- Film poster
- Directed by: Probhat Roy
- Written by: Prabhat Roy
- Produced by: Pradip Bharadwaj
- Starring: Jeet Koel
- Cinematography: Premendu Bikash Chaki
- Edited by: Atish Chandra Sarkar
- Music by: Babul Bose
- Distributed by: Ashadeep Entertainment
- Release date: 22 April 2005;
- Running time: 166 minutes
- Country: India
- Language: Bengali

= Manik (2005 film) =

Manik (মানিক) is a Bengali action drama film released in 2005. It was written and directed by Probhat Roy and chief assistant director was Madhuchhanda Sengupta, the movie featured Jeet, Koel, Ranjit Mallick. This film was shot at Kalimpong Golf Course.

==Plot==
Samir Mitra is an unemployed educated man who is looking for a job. His father Abir Mitra is retired and his mother is suffering from cancer. One day Samir suddenly meets Manik Chandra Sadhukhan. Manik's father is Niranjan Sadhukan who is also ill. Latika is Manik's younger sister. Manik has come to Kolkata to meet his father's friend Chandrakanta Majumadar who is an established businessman. Manik gets into an accident on the way. Samir tries to save his life. Before his death Manik requests Samir to take care of his father and younger sister; he also tells Samir not to disclose the news of his accident. Manik gives Samir all the required information. Samir becomes Manik; he meets Chandrakanta as Manik. Chandrakanta appoints him in his own office. Samir meets Chandrakanta's daughter Ria and wife Manju. Ria and Samir gradually fall in love but Samir feels uncomfortable whenever he thinks of what would happen when everybody discovers that he is not Manik. From his salary he maintains his own family and Manik's family. Everybody is impressed with his behavior and honesty. Suddenly Niranjan and Latika come to Kolkata because Niranjan is unwell. Niranjan has lost his eyesight and there is a problem in his heart also. Samir tries to hide from Niranjan but everybody learns the truth. Kartik Sen, the business rival of Chandrakanta, kidnaps Ria and demands ransom. Samir and Chandrakanta rescue her with the help of the police. Samir donates his father's eye to Niranjan. Niranjan recovers his eyesight.

==Cast==
- Jeet as Samir Mitra, who disguised himself as fake Manik
- Koel as Riya Majumdar
- Ranjit Mullick as Chandrakanta Majumdar
- Soma Dey as Manju Majumdar, Riya's mother
- Samata Das as Latika, Manik's sister
- Shyamal Dutta as Niranjan Sadhukhan, Manik's blind father
- Debdut Ghosh as real Manik Chandra Sadhukhan, a poor village boy from Medinipur
- Sagnik Chatterjee as Pratik Sen
- Biplab Chatterjee as Kartik Sen
- Rajatava Dutta as Samir's college friend Anwar, a taxi driver
- Shantilal Mukherjee as Shiben, flat contractor
- Rajesh Sharma as Shambhu, Kartik Sen's henchman
- Monu Mukherjee as Abir Mitra, Samir's father
- Alakananda Ray as Samir's mother

== Soundtrack ==

The music for the film has been composed by Babul Bose. All lyrics are written by Gautam Sushmit.

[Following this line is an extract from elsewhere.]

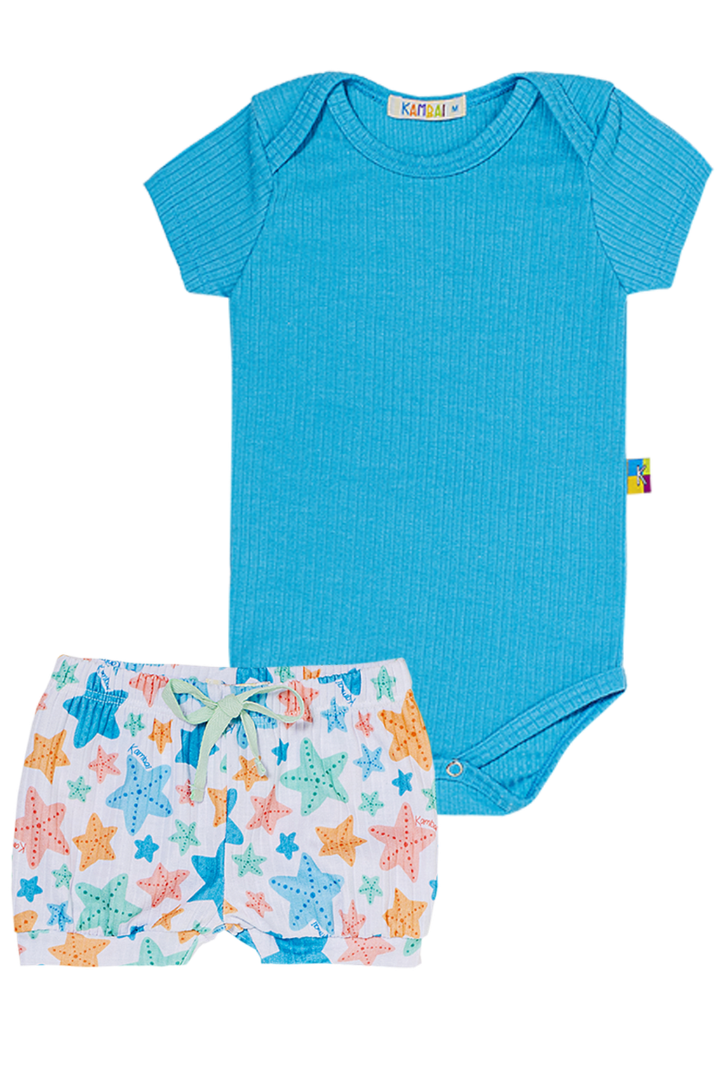 Conjunto Body Colorido e Shorts Estampado Estrelas do Mar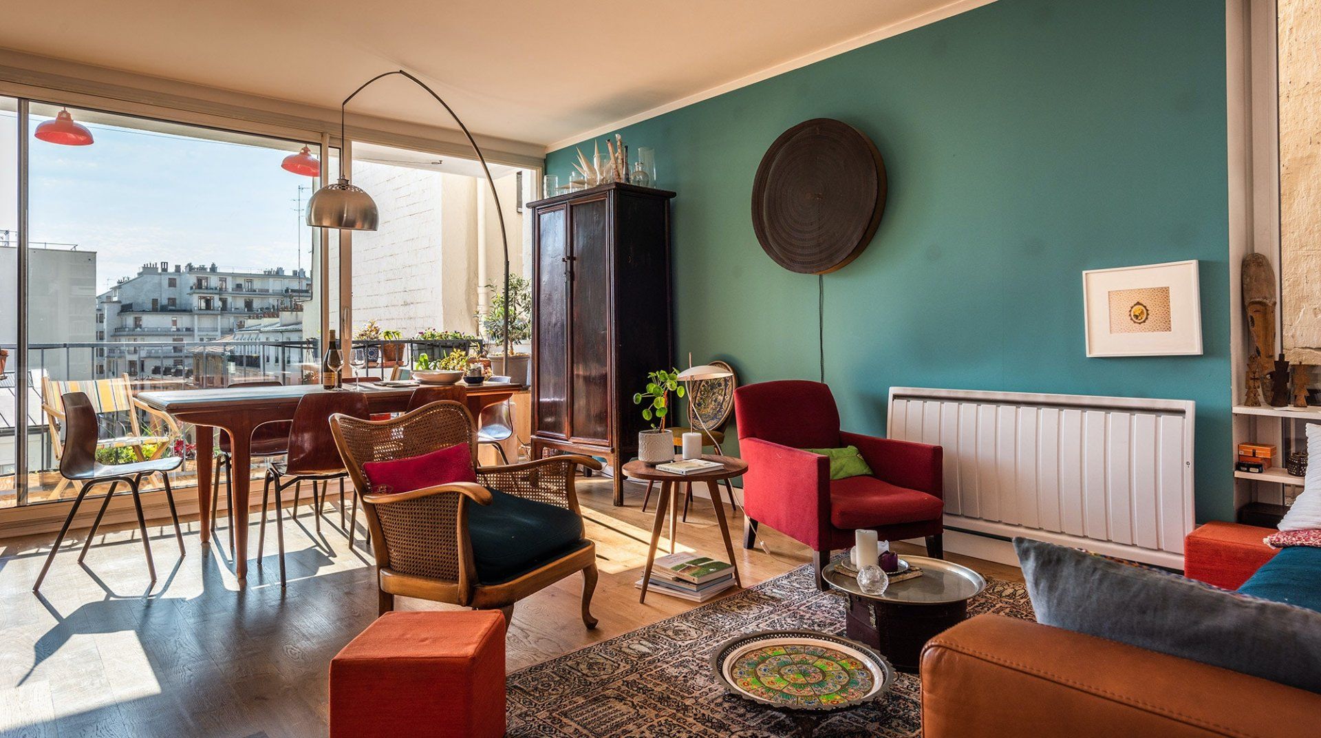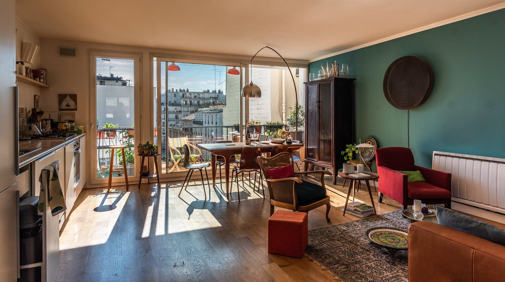 This bright and positively colourful apartment offers a cosy space for a family or group looking to stay away from the hordes of tourist. It's a practical open-plan living space that boasts a stylish interior with many vintage pieces, an assortment of textures, chairs and curated plants that makes for a refreshing place to hang out and rejuvenate. Although the real star of the show is the natural light that pours in through the sliding glass doors and opens out onto a sunny balcony. The home's extensive library and charming outside space provide the perfect excuse to stay in and soak up the sun with a good book. But when you're not catching up on your literature, there's a local area full of Parisian authenticity, classy cafés and cultural attractions, including the Sacré-Cœur Basilica and the Sinking House of Montmartre – only a twenty-minute walk from your door.

Singers are Babul Supriyo, Shreya Ghoshal, Jojo and Reema Mukherjee.

Track listing
| No. | Title | Singer(s) | Length |
|---|---|---|---|
| 1. | "Subho Janmodin" | Babul Supriyo | 04:11 |
| 2. | "Tale Tale Paa" | Jojo | 05:30 |
| 3. | "Jhumur Jhumur Nopur Baje" | Shreya Ghoshal | 04:54 |
| 4. | "Tomake Peye Chena Prithibi" | Babul Supriyo, Shreya Ghoshal | 04:43 |
| 5. | "Ke Dekheche Age" | Babul Supriyo, Shreya Ghoshal | 04:31 |
| 6. | "Kauke Bhalo Laage" | Babul Supriyo, Shreya Ghoshal, Priya Bhattacharya | 04:07 |
| Total length: |  |  | 27:48 |

==Awards==
- Awarded by ETV Lux Best Film in 2005
- Awards :Lux ETV Award as the Best Film in the year 2005. Won five awards.